Ой, парень, не опоздать бы тебе домой! Баловством занимаешься, а по хозяйству стоят дела. Вечера теперь короткие, не успеешь оглянуться, как наступит ночь. Когда же ты воды натаскаешь ушат, картошки нароешь в поле, дров припасешь? А ведь надо еще подсобить мамке ригу топить… Не хватит ли прохлаждаться, парень?

— До — мой… до — мой! — выговаривал сердито и гнал колокол. Прав, оказывается, этот питерщик Прохор. Все церковные колокола, если прислушаться хорошенько, разговаривают, но каждый по — своему. Большой колокол сельской церкви определенно умел болтать одно неприятное. Шурка, беспокоясь, завозился около костра.

Но тут поспела печеная картошка. И колокол, к счастью, перестал бубнить. Совесть невольно замолчала.

Картошку добыли из костра палками. Сразу же выяснилось, что с огнем перестарались, многие картошины обуглились.

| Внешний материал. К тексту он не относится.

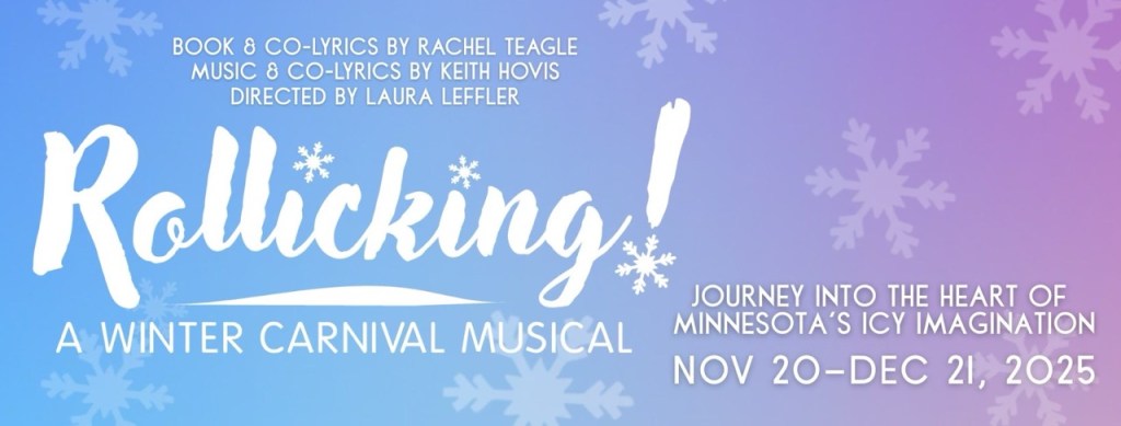 Rollicking! A Winter Carnival Musical at History Theatre thru 12/21 https://www.historytheatre.com/2025-2026/rollicking-winter-carnival-musical A Christmas in ochopee from New Native Theatre runs from 12/3 thru 12/21 https://www.newnativetheatre.org/a-ch… A Christmas Carol…More or Less runs from 11/28 thru 12/28 at Yellow Tree Theatre https://yellowtreetheatre.com/christm… A Nice Family Christmas at Lyric Arts Through 12/21 https://www.lyricarts.org/nice-family-christmas A Double Feature of Free Pirate Musicals celebrating Fortune’s Fool Theatre at the Hive Collaborative through 12/21 https://fortunesfooltheatre.org/what-were-doing
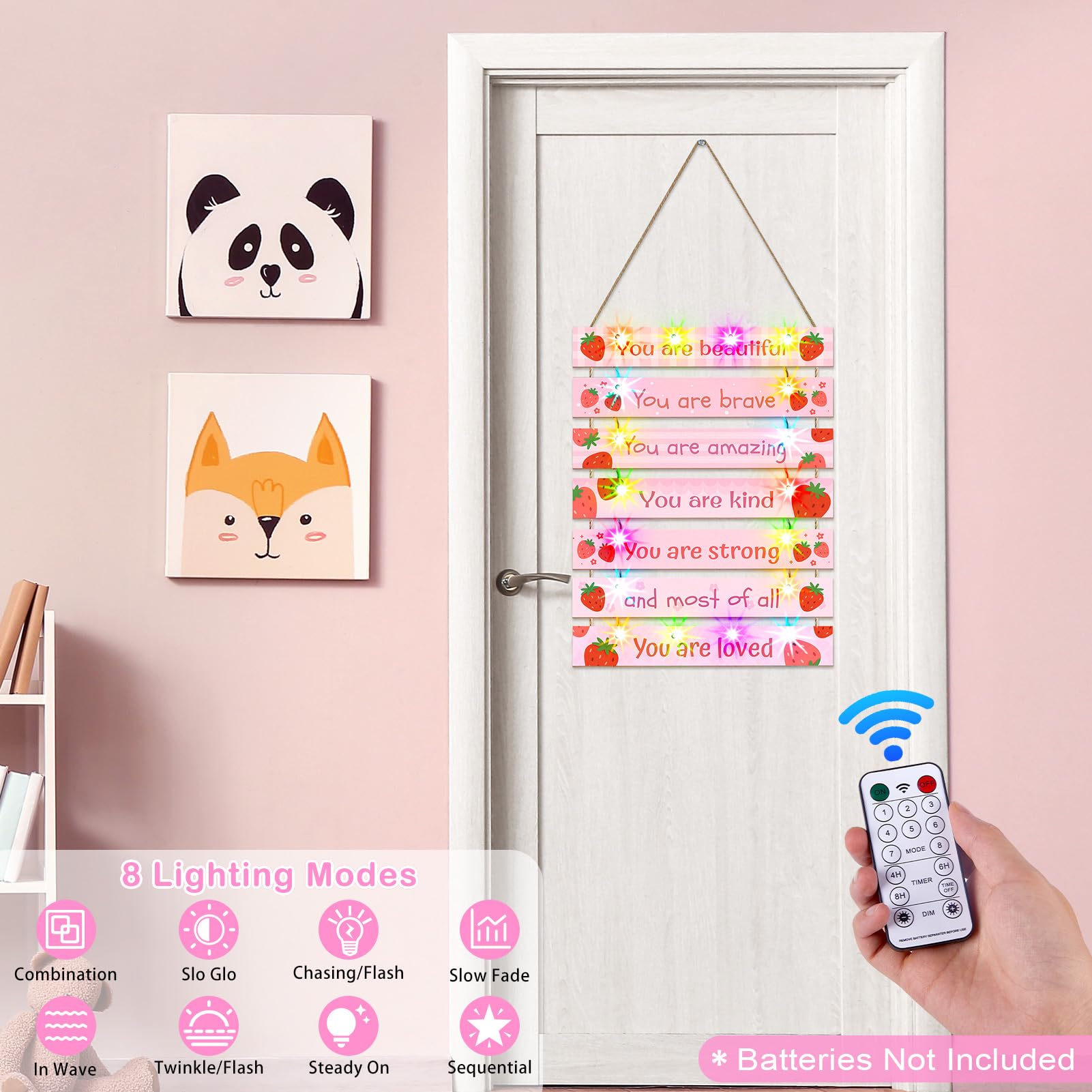 Package: The play room decor for kids package includeds 1 pcs girls room decor board, 1 pcs LED light with empty battery box (not including batteries), 1 pcs remote control (not including batteries), both do not including batteries, need to be purchased by customers themselves

Но это не помешало пиршеству. Забыв о соли, обжигаясь, дуя на пальцы, солдаты разламывали картошины пополам, выедали горячие, рассыпчато — белые сладкие серединки, а потом принимались за обгорелые, твердые, пропахшие дымом корочки, хрустя и пачкаясь углями, золой и облизываясь. Корочки оказались самыми вкусными. Скоро у солдат выросли черные усы и бороды.

Тем временем на Волге совершились важные перемены. От бугристого песчаного берега, от кустов ивняка и камней на воду легла сизая тень, словно река, обмелев, отступила, а берег вырос, увеличился. Свинцовым, холодным блеском струился фарватер, а дальше, у того берега, где недавно гляделись в тихую светлую гладь разнаряженные рябины, березы и осины, все горело пожаром — вода, окошко Капарулиной будки, деревья, сигнальный шест с фонарем и железными круглыми знаками, старый красный бакен, валявшийся который год на камнях у крыльца. Не горела одна лодка — завозня. Отчалив от мостков, она, как грозный броненосец, встречала огонь грудью, рвалась навстречу врагу. Длинные весла поднимались, точно стволы морских орудий.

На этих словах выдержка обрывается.